We walk through the great hall, past the skeletons of every species, from the tiniest mouse to the great whale. Rows upon rows of beasts arranged in taxonomic ranks: phylum, class, order, family, and genus. Their bones are attached with tiny screws: backbones, ribs, limbs suspended by wires.   Jaws open, bellies empty. They appear to be waiting hungrily for lunch, or maybe resurrection.

As a smart-alecky kid, I thought Noah’s Ark was a stupid joke.  How could all the creatures on earth, marching two by two, ever fit on board an ark?

Now I became a believer!  The bestiary of bones converted me!

You see the unity of all creation filling one giant exposition hall.

“Look, kids!” I whisper loudly, pointing at the bestiary below.  “Imagine the animals coming to life aboard Noah’s Ark.”

Imagine…

As the rained drummed down on the leaky roof, puddles formed in the Jardim des Plantes, and the River Seine rose, I felt the floor sway as the great hall floated off.   Past the Gare de Austerlitz.  Over the bridges.  Genevieve waved at the statue of St.
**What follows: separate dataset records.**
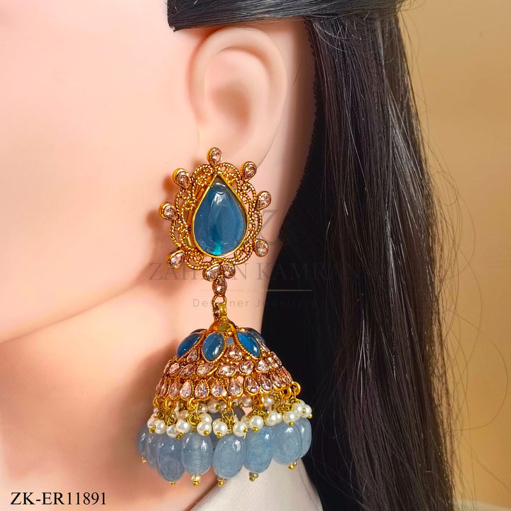 Handcrafted 22k gold plated earrings studded with aqua and coffee stones.
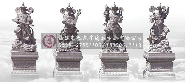 石雕四大天王通常被佛教視為四大門庭護法神將,他們分別是南方增長天王、東方持國天王、西方廣目天王、北方多聞天王。
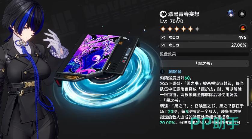 主弧盘推荐「漆黑青春妄想」:提供倾陷强度加成,常态维持2根锁链;每当队伍中任意角色释放援护技,即解除1根锁链;锁链全部解除后召唤「黑之书」,持续20秒,每5秒锁定一名敌人,使其受到达芙蒂尔的暗属性伤害提升。空幕选用「迪亚波罗斯」,专注提升暗属性异能伤害;主属性优先选择倾陷强度,副属性词条同样以倾陷强度为首要堆叠目标,其余属性可根据实际需求灵活调整。
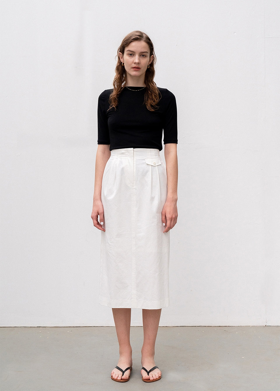 Experience refined everyday elegance with this high-waisted midi linen skirt by Laura Ren. Crafted from breathable, high-quality linen, this skirt offers a tailored silhouette with front pleats and a subtle back vent for graceful movement. The flattering waistband and soft structure enhance both comfort and sophistication, making it ideal for both casual and semi-formal styling. Versatile and timeless, this piece effortlessly transitions from workwear to weekend attire. Add this Laura Ren linen skirt to your collection for a blend of craftsmanship, minimalism, and modern femininity.
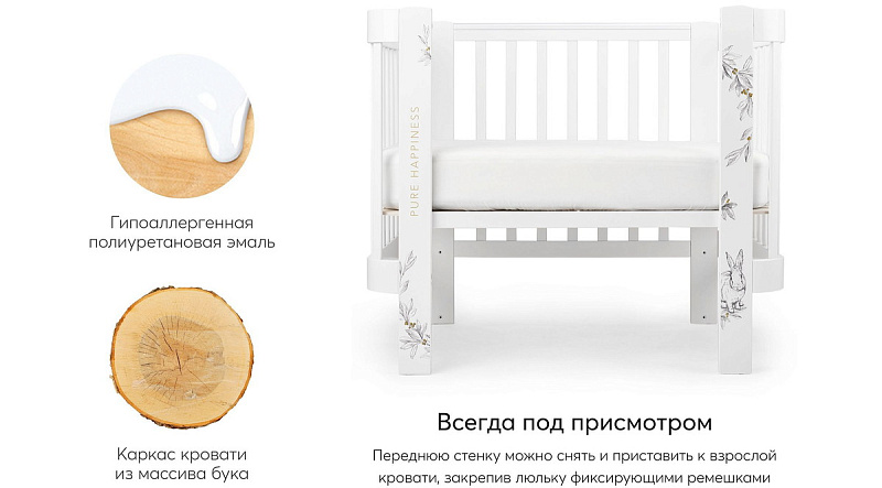 - Бортики стенок со специальными накладками для защиты малыша в период прорезывания зубов
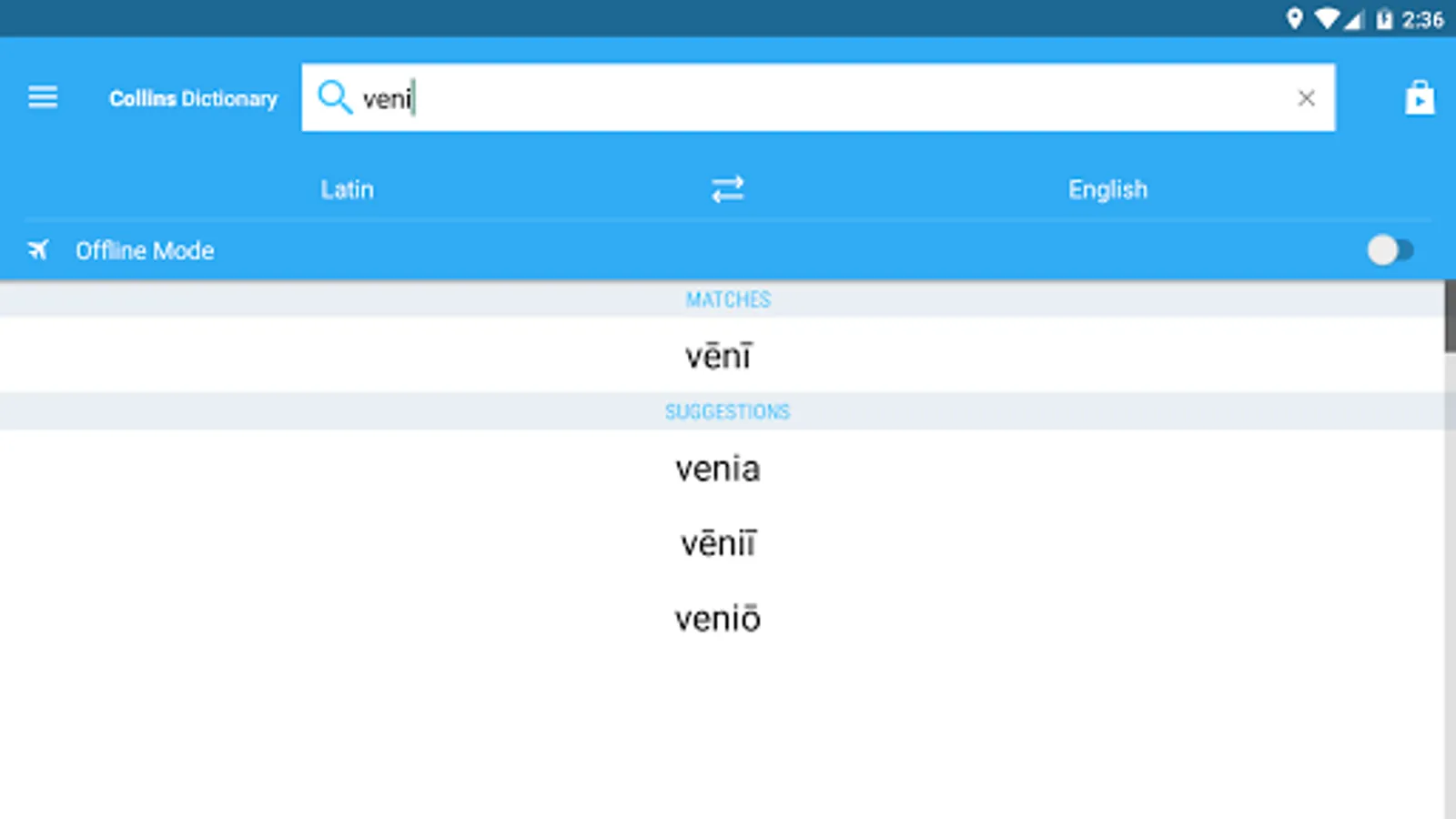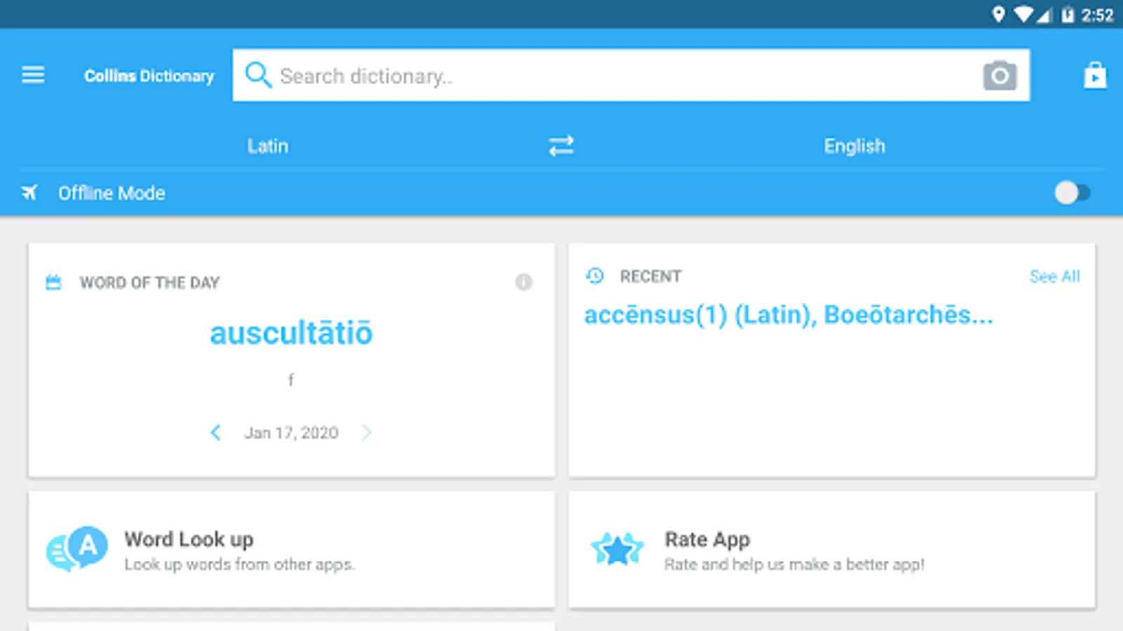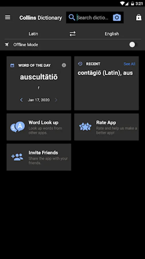 • Offline mode - look up words without an internet connection
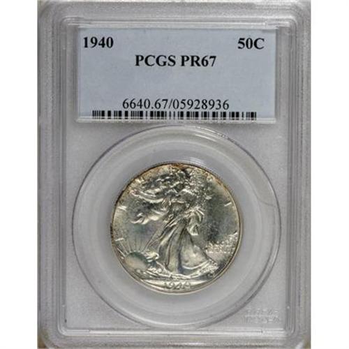 <B>1940 50C PR67 PCGS.</B></I> Deeply mirrored fields on each side, with a little imagination one can see a bit of contrast, especially on the reverse. Slightly speckled golden patina is seen on both obverse and reverse. An impressive proof striking.<BR><BR><b>Shipping:</b> Coins & Currency (<a target="_blank" href="http://www.heritageauctions.com/common/shipping.php">view shipping information</a>)
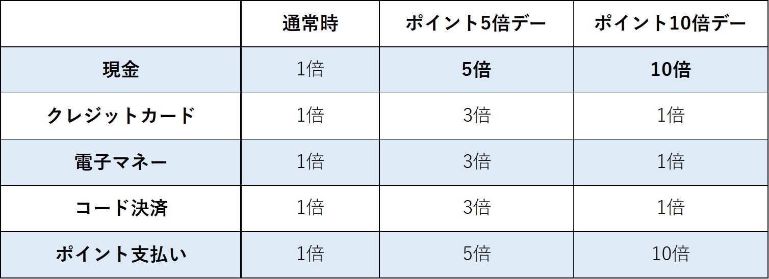 ポイント10倍デー:現金支払いで10倍ポイント付与。(10%)
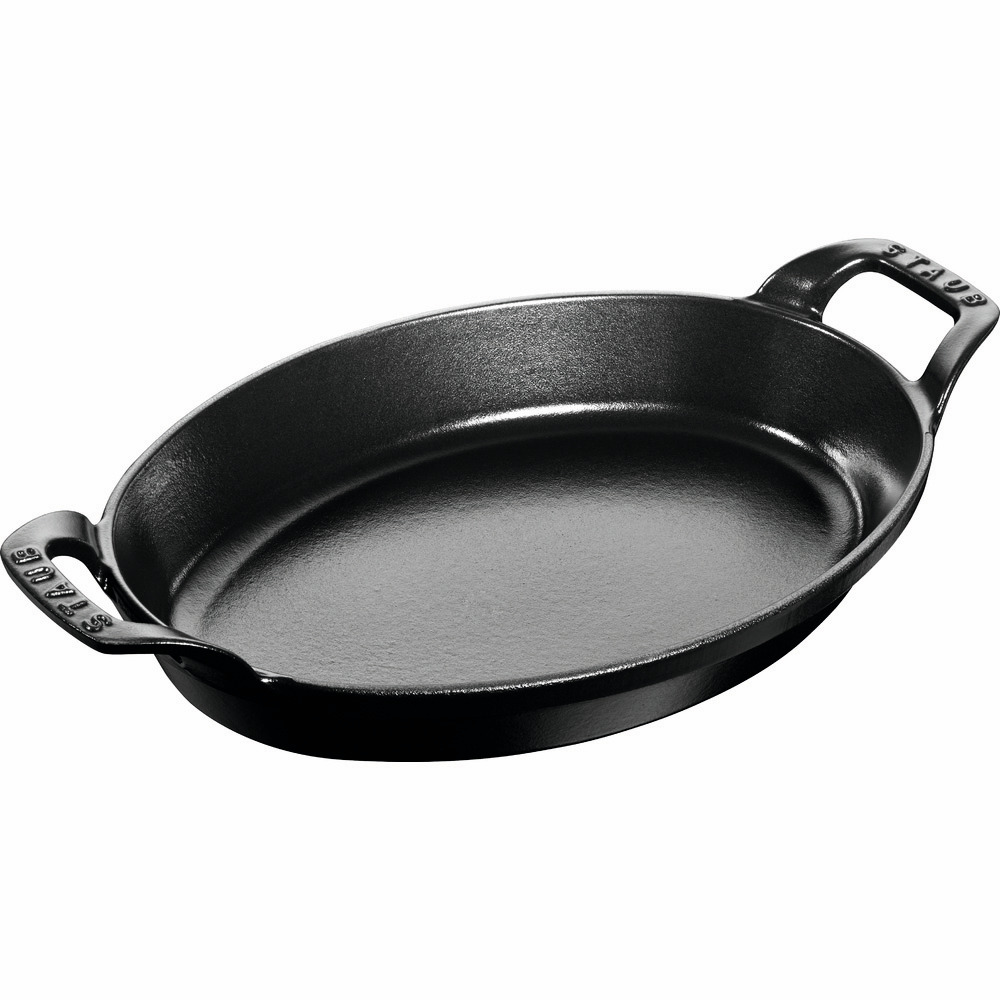 Profiköche wie Paul Bocuse schwören auf Kochgeschirr aus Gusseisen des französischen Herstellers Staub. Gusseisen besitzt hervorragende Wärmeleitungseigenschaften, denn es lässt sich stark erhitzen und gibt die Wärme konstant und gleichmäßig in den Innenraum ab. So werden in dieser Auflaufform von Staub zubereitete Speisen besonders saftig und aromatisch. Die gusseiserne Auflaufform in elegantem Schwarz eignet sich hervorragend zur Zubereitung von Aufläufen und Gratins, aber auch zum Anbraten auf allen Herdarten. Für Schmorgerichte oder köstliche Braten ist die ovale Auflaufform ebenfalls ideal. Die matt-schwarz emaillierte Innenseite verstärkt den Schmoreffekt, sodass der natürliche Eigengeschmack der Speisen optimal zur Geltung kommt. Die Auflaufform ist groß genug für die Zubereitung eines Hauptgerichts für zwei Personen oder einer Beilage für vier Personen. Die an beiden Seiten angebrachten Griffe erleichtern die Handhabung. Präsentieren Sie Ihren Lieben saftige Schmorgerichte, knusprige Gratins und delikate Aufläufe in der formschönen und praktischen Auflaufform von Staub.
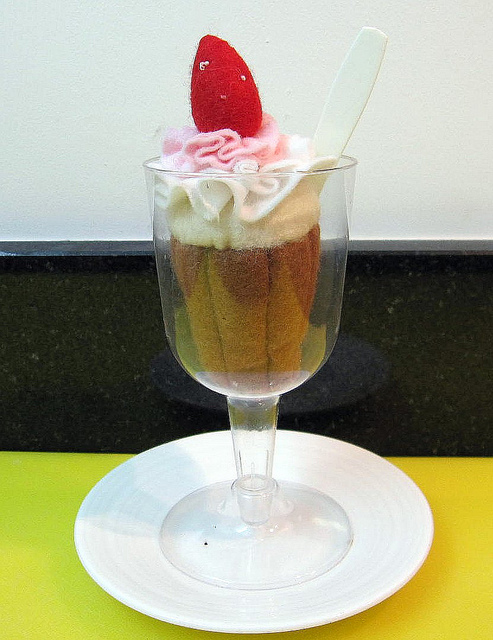 初次做,完工後發現杯身太長。為了掩飾不完美把蛋糕放入塑膠酒杯內居然有模有樣,自成另一種點心。
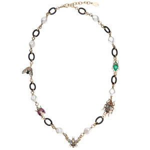 This unique necklace features five bejeweled bug charms, set on a bespoke necklace of faux pearls, black oval rings finished in antique gold, giving it a true vintage edge. This gorgeously detailed necklace will add a splash of sparkling interest to any outfit.
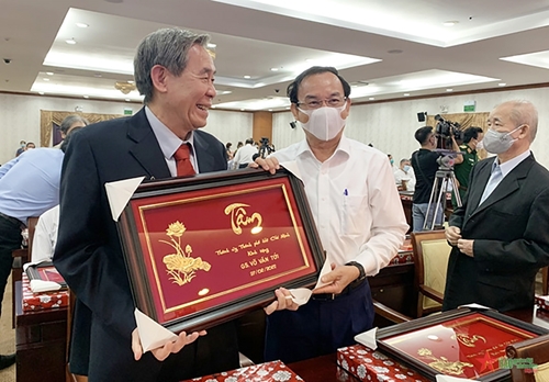 胡志明市领导向各位模范医生赠送礼物(图片来源:人民军队报) |
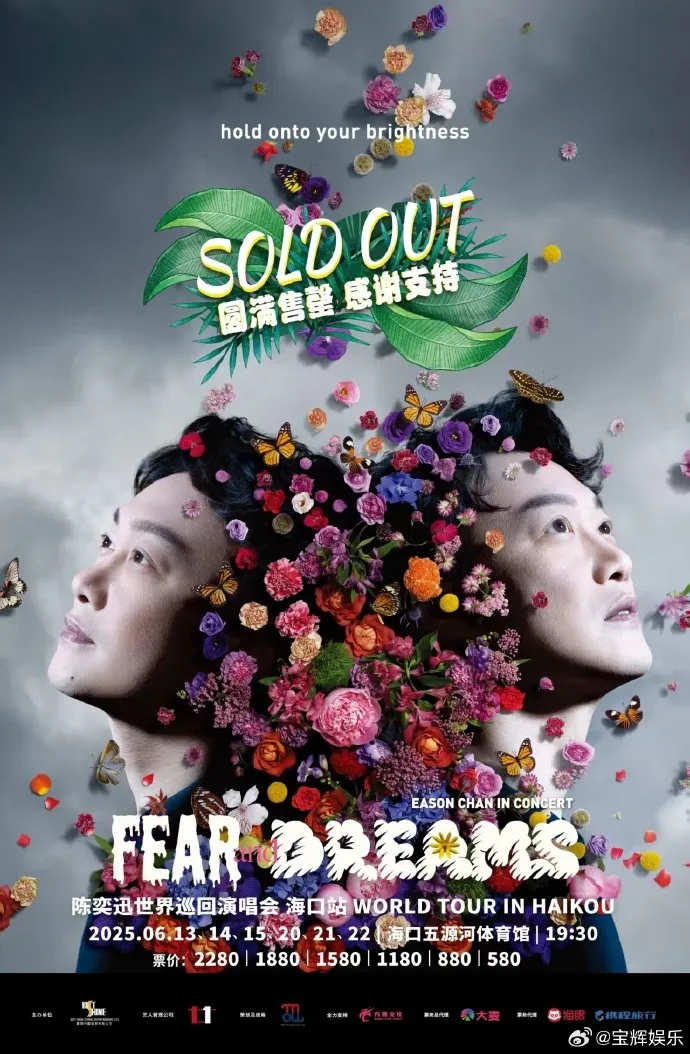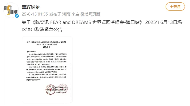 6月13日凌晨1:55,@宝辉娱乐 发布关于《陈奕迅 FEAR and DREAMS 世界巡回演唱会-海口站》 2025年6月13日场次演出取消紧急公告。
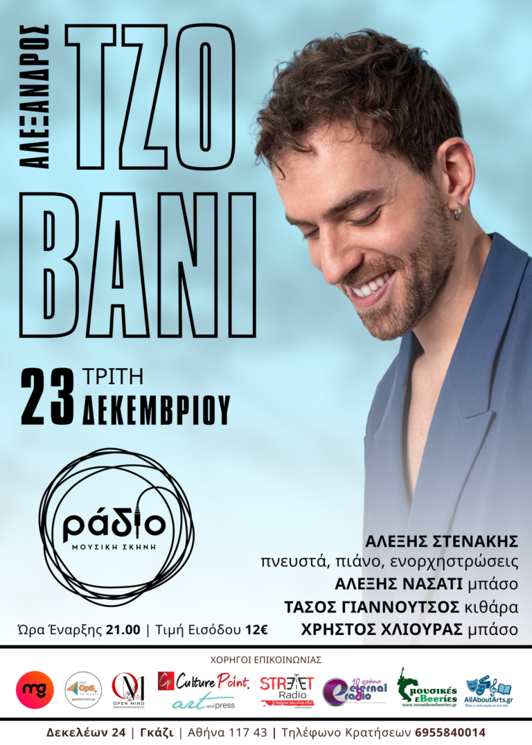 Ο Αλέξανδρος Τζοβάνι επιστρέφει στη μουσική σκηνή «Ράδιο» την Τρίτη 23 Δεκεμβρίου με ένα live γεμάτο ενέργεια και μοναδικές ερμηνείες. Μας παρουσιάζει το ολοκαίνουργιο άλμπουμ του με τίτλο ‘’8 παράθυρα στον κόσμο’’ και μας υποδέχεται στο δικό του μουσικό σύμπαν μέσα από ξεχωριστές εκτελέσεις τραγουδιών που άφησαν ιστορία στην ελληνική μουσική.
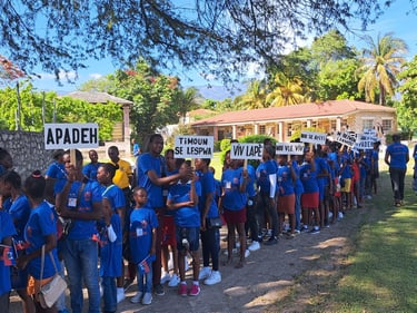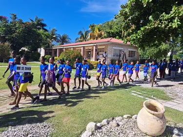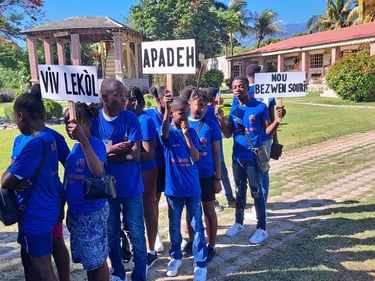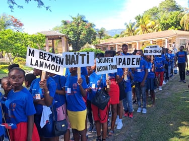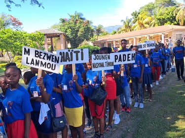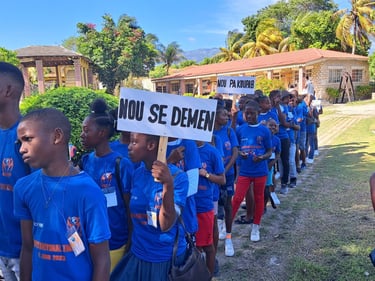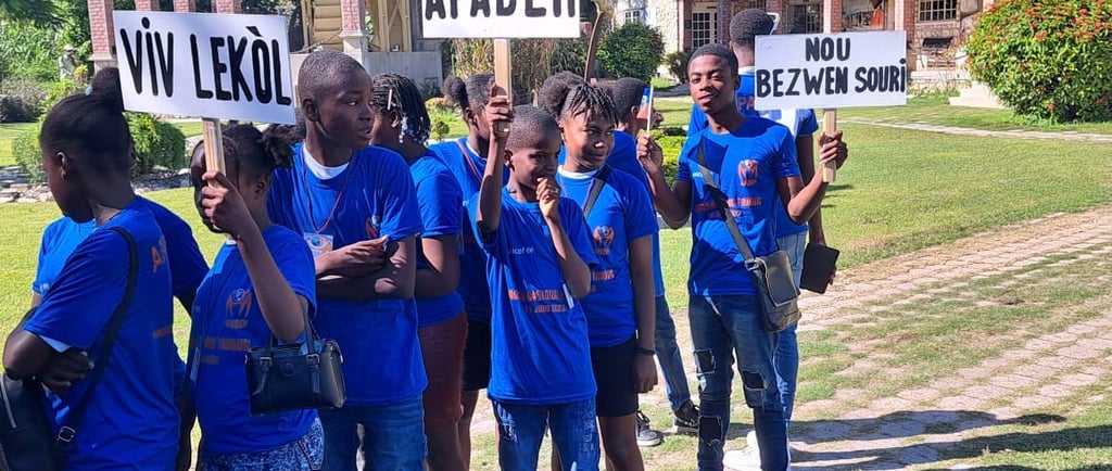 En effet , la journée a commencé par une marche où près de deux cent enfants venant de Croix-des-Bouquets, Cité Soleil et Tabarre ont foulé le sol avec des recommandations bien spécifiques : nou se demen , nou pa koupab , viv Lekòl ... Un moment de refléxion suivi d'une visite guidée au musée du Parc Historique. Ces activités ont permis aux enfants d'avoir une meilleure compréhension du pays, leur importance dans la société, également d'identifier l'impact de la crise actuelle sur leur vie.
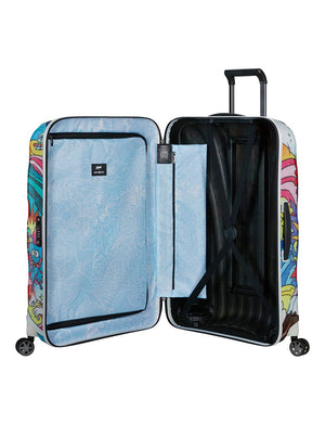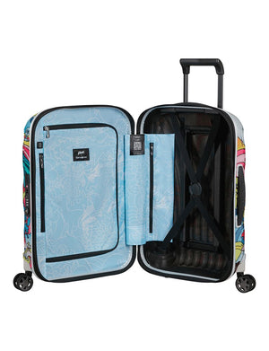 This collection showcases two limited-edition doodle-style designs in two sizes (55cm and 75cm), presenting a striking visual contrast between “Day” and “Night.” The white “Daylight” edition bursts with Vexx’s signature colour palette and whimsical characters, while the black “Nightfall” edition offers a deeper, more mysterious interpretation, reflecting the artist’s skill in playing with light, shadow, and emotion. Inside each suitcase, travellers will find a subtle continuation of the artwork, with the same print adorning the inner fabric.

Geneviève, the patron saint of Paris, submerged in the river  Past the sinking spire of Notre Dame, the gargoyles drowning in the deluge.  The floodwaters covered Paris except for the tip of the Eiffel Tour.  We sailed around it.  Perched on top was a pigeon.  It had lost the toes on its right foot.  In its beak waved a tiny tricolour, the French flag!

Impatient with Daddy’s reverie, the kids clamored away. I found myself alone with the bones.

***

Warning, the following contains material labeled, “name dropping,” and may upset your stomach.

We do have one other not-so-distant relative in Paris – Charles H. Rivkin, the new U.S. Ambassador to France.    He’s the cousin of our cousins, the Rivkins of New York, London, and Cairo.   We’ve never actually met, but I’ve been awfully busy with hausmann duties in Basel, rearranging the children’s sock drawers and brushing up on my Swiss German.

“You’re related to whom?” cried a flabbergasted writer friend, who lives in Paris.

“We’ve never actually met…”

“Could you ask him to put me on the invitation list to cultural events at the American embassy?” she pleaded.

“Well, I…”

Not that she doesn’t merit it.   After all, she’s the author of a memoir, HENRY MILLER IS UNDER MY BED, that’s prominently displayed at Shakespeare & Company, and a patroness of its annual Writer’s Fair.  http://www.festivalandco.com/Writer’s Fair.

“I’m sorry, I don’t think so,” I said, diplomatically.

She laughed. “Have you heard the rumor why Obama chose Rivkin?”

“Because he was a big fundraiser and honcho in California politics?

“That too.   But the French say Rivkin was the only candidate shorter than Sarkozy!”

Mr. Ambassador, if you’re reading this in your CIA news dossier, please forgive our faux pas.

There’s a tall statue of Thomas Jefferson on the Quai d’Orsay.  When Genevieve heard you were American Ambassador, she said, “That’s way cool.  So was Thomas Jefferson.”

Which relative are we proudest of, the Ambassador or the Apes?

We’re all one family.  The family of Hausmann.